I've written a simple script that takes a string filled with brackets and strings and builds them to a dictionary.

Example Input:

string_1 = '(()())'
string_2 = '((a)(b))'
string_3 = '(a(a)b(b)c)'
string_4 = 'a(a(a)b(b)c)b'
string_4 = 'a[a{a}b{b}c]b'
string_5 = 'beginning(content[word]{another word})outside'

Output for string5 and the other examples:

[
('0-8', 'beginning'),
('9', '('),
('10-16', 'content'),
('17', '['),
('18-21', 'word'),
('22', ']'),
('23', '{'),
('24-35', 'another word'),
('36', '}'),
('37', ')'),
('38-44', 'outside')
]

def sort(dictionary):
 return sorted(dictionary.items(), key=lambda v: int(v[0].split("-")[0]))
def join(a, b):
 return ''.join([repr(a), '-', repr(b - 1)]) if a != b else repr(b)
class Positions:
 def __init__(self, name):
 self.name = name
 self.content = {} # creates a new empty list for each bracket
 def push(self, pos, content):
 self.content[pos] = content
def convert_string(string):
 string_content = string
 string = Positions(string)
 pos = 0
 start_of_str_pos = 0
 internal_string = ''
 for char in string_content:
 if char in ['(', '{', '[', ')', '<', '}', ']', '>']:
 string.push(repr(pos), repr(char))
 if internal_string != '':
 string.push(join(start_of_str_pos, pos), internal_string)
 internal_string = ''
 start_of_str_pos = pos + 1
 else:
 internal_string += char
 pos += 1
 if internal_string != '':
 string.push(''.join([repr(start_of_str_pos),
 '-', repr(pos - 1)]), internal_string)
 print sort(string.content)

Question 2

Is this a simple implementation of my parentheses matching idea? It looks a little like it...

Question 3

1. Why is the output on Pastebin? 2. PEP-8 recommends lowercase_with_underscore function/variable names, so you're not yet fully compliant.

Question 4

Obvious but easy

There are some issues that are immediately obvious and easy to correct.

In this statement:

return ''.join([repr(a), '-', repr(b - 1)]) if a != b else repr(b)

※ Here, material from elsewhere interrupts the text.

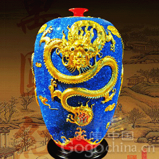 德化瓷器·世紀(jì)祥龍漆線雕藍(lán)金錦瓶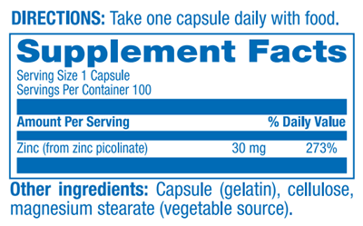 Provides a full 30 mg (200% RDI) of highly digestible chelated zinc picolinate designed for maximum delivery of trace elements through the digestive tract into human plasma.

The multiple repr are awkward, and so is the join. It would be less awkward, simpler and more readable by using string formatting:

return '{}-{}'.format(a, b - 1) if a != b else repr(a)

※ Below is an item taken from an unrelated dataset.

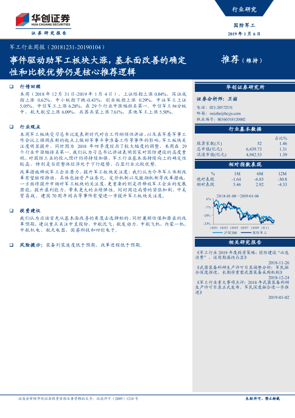 【华创证券】【20190106】20190106-华创证券-军工行业周报:事件驱动助军工板块大涨,基本面改善的确定性和比较优势仍是核心推荐逻辑-11页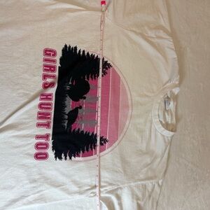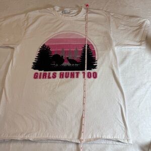 This stylish 'Girls Hunt Too' t-shirt features a vibrant pink design on a classic white background. Perfect for hunting enthusiasts! Make a statement with this shirt! NWOT and smoke free home. Please see pictures for measurements.

This can be written a lot simpler:

if char in ['(', '{', '[', ')', '<', '}', ']', '>']:

Like this:

if char in '({[)<}]>':

But actually, it's a bit disturbing that the opening and closing brackets are ordered inconsistently. For example, looking at this string, it's not immediately obvious that it includes all matching closing brackets for all opening brackets. This way would be immediately obvious and less error prone:

if char in '(){}[]<>':

This is both confusing and disturbing:

def convert_string(string):
 string_content = string
 string = Positions(string)

Why shuffle around the string parameter? It's a bad practice to reassign the value of a parameter, as it makes it confusing what it really stands for throughout the function.

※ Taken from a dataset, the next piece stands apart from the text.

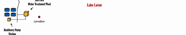Most of Irving’s water travels from Lake Chapman to Lewisville Lake and is then treated by the City of Dallas. Irving owns water rights for water in Lake Chapman, which was previously known as Cooper Reservoir. Some of the City of Irving’s water is purchased directly from the City of Dallas to supplement the Lake Chapman water. The City of Dallas uses surface water from the following sources: Lake Ray Hubbard, Lake Tawakoni, Lake Grapevine, Lewisville Lake and Lake Ray Roberts. The TCEQ has completed a Source Water Susceptibility Report for all drinking water systems that own their sources. This report describes the susceptibility and types of contaminants that may come into contact with the drinking water source based on human activities and natural conditions. For more information on source water assessments and protection efforts, call (972) 721-2281.

Another problem here is calling an instance of Positions a "string". Later in the code when I read "string", I think it's an actually string, but in fact it's not, it's an instance of "Positions". Very misleading.

Since empty strings are falsy, instead of this:

if internal_string != '':
 # ...

You can write simply:

if internal_string:
 # ...

Obvious but harder

There are some issues that are sort of obviously wrong, but not so easy to correct.

This sorting function smells:

def sort(dictionary):
 return sorted(dictionary.items(), key=lambda v: int(v[0].split("-")[0]))

Instead of splitting a string and parsing to int, my instinct says there should be a way to use the original int values directly.

In general, the code formats these strings from int values, and it seems silly to later un-format the strings so you can sort. There should be a better way.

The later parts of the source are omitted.